• [WORK INSTRUCTIONS] Start at the line below containing "Если вы любите" and stop at the line containing "オンラインスキャン For Home Network で家庭lanの機器の問題を検知する". Repeat every line of that stretch exactly, and nothing outside it.

=== DATASET ===

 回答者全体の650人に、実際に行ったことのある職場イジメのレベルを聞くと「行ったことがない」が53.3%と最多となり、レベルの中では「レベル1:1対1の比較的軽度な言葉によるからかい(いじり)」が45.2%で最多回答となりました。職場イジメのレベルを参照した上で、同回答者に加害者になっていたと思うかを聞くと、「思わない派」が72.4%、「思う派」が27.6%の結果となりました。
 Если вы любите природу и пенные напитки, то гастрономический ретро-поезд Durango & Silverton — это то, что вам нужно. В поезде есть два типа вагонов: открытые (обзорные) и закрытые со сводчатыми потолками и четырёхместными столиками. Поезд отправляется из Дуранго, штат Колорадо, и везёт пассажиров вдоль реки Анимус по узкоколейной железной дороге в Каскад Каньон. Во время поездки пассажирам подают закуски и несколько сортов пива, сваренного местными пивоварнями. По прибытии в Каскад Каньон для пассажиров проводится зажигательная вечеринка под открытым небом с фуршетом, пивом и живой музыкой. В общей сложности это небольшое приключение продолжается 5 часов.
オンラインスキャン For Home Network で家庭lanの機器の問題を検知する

===
=== DATASET ===

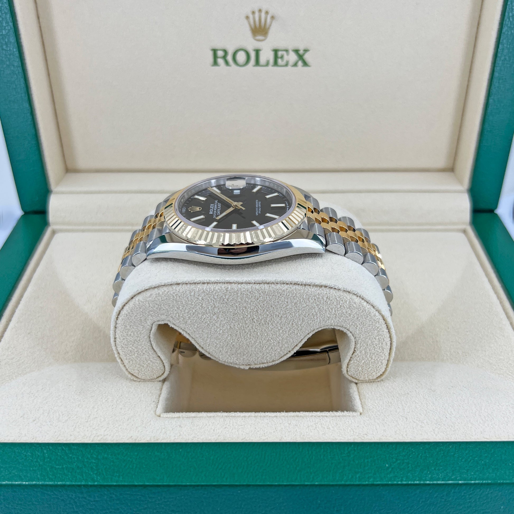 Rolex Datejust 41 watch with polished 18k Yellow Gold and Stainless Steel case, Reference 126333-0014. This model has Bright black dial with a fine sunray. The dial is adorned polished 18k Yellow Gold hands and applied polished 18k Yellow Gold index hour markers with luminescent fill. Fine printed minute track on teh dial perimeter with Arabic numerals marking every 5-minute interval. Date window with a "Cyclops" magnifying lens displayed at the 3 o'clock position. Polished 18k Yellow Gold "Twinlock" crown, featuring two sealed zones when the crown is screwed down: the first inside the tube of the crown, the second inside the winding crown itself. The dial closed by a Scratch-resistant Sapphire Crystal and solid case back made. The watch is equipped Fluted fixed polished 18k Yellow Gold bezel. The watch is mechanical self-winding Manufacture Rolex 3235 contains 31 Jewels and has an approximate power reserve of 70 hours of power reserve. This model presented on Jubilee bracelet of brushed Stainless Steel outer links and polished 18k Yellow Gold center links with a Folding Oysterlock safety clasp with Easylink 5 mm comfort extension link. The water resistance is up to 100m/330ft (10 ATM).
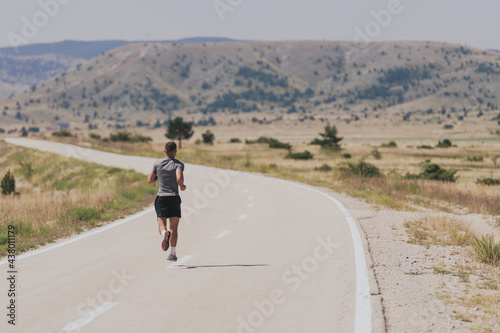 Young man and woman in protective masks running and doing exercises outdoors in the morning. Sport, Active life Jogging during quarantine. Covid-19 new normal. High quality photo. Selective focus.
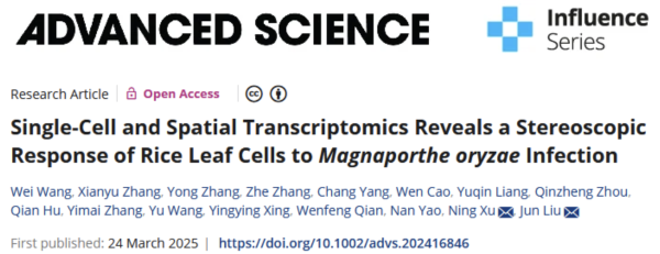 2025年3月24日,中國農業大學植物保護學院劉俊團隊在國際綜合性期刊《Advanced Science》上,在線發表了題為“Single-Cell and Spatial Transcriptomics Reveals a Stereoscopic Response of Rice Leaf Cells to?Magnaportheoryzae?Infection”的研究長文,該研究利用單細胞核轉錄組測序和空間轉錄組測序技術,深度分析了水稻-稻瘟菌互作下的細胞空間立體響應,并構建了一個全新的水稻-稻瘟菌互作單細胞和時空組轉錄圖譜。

===

• [EXPECTED ANSWER]
 Если вы любите природу и пенные напитки, то гастрономический ретро-поезд Durango & Silverton — это то, что вам нужно. В поезде есть два типа вагонов: открытые (обзорные) и закрытые со сводчатыми потолками и четырёхместными столиками. Поезд отправляется из Дуранго, штат Колорадо, и везёт пассажиров вдоль реки Анимус по узкоколейной железной дороге в Каскад Каньон. Во время поездки пассажирам подают закуски и несколько сортов пива, сваренного местными пивоварнями. По прибытии в Каскад Каньон для пассажиров проводится зажигательная вечеринка под открытым небом с фуршетом, пивом и живой музыкой. В общей сложности это небольшое приключение продолжается 5 часов.
オンラインスキャン For Home Network で家庭lanの機器の問題を検知する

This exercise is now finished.